Porter Superior Court Judge Roger Bradford's executive assistant, bailiff and court reporter all are retiring Aug. 29, partly to avoid reductions in the amount of money they'll receive from their public employee retirement plan annuities, The (Munster) Times reported Sunday.

Executive assistant Julie Powell said she and her co-workers on Bradford's staff must leave now to avoid watching the returns on the annuity portions of their retirement plans fall from a guaranteed 7.5 percent to lower market-based rates under changes the Indiana Public Retirement System made nearly a year ago to reduce the possibility of unfunded liabilities.

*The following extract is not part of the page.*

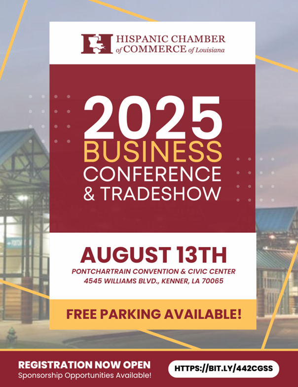 The Hispanic Chamber of Commerce of Louisiana is thrilled to invite you to its 2025 Business Conference & Tradeshow, scheduled for Aug. 13 at the Pontchartrain Convention & Civic Center in Kenner, Louisiana.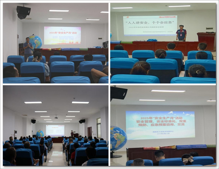 2025年6月是第24個全國“安全生產月”,為了深入貫徹落實安全生產方針政策,切實增強全員安全意識和應急能力,海南中和藥業股份有限公司圍繞“人人講安全、個個會應急——查找身邊安全隱患”主題,精心組織、周密部署全員安全培訓與應急演練系列活動,從生產一線員工到公司管理層,全員參與,共同奏響安全生產的主旋律。

The upcoming losses proved incentive enough to persuade the three court staffers to follow through on retirement plans even after Bradford surprised them by opting to seek a sixth term, which he'll begin in January.

"We said, 'Hey, we're in the mindset to go now,'" Powell said.

The Indiana Lawyer wrote about the pending change to the guaranteed interest rate in May.  Effective Oct. 1, the Indiana Public Retirement System will reduce the guaranteed interest rate for workers who choose to annuitize investments in their annuity savings accounts. Employees covered by the Public Employees’ Retirement Fund have 3 percent of their salary invested in those accounts and may elect to invest a greater portion of their earnings.

But the interest rate the state previously guaranteed on those annuities has proved to be unsustainable. NPRS says the change was needed because Americans are living longer and guaranteed rates of return on investment have fallen. The change has prompted units of government to alert workers about how their retirement benefits may be affected.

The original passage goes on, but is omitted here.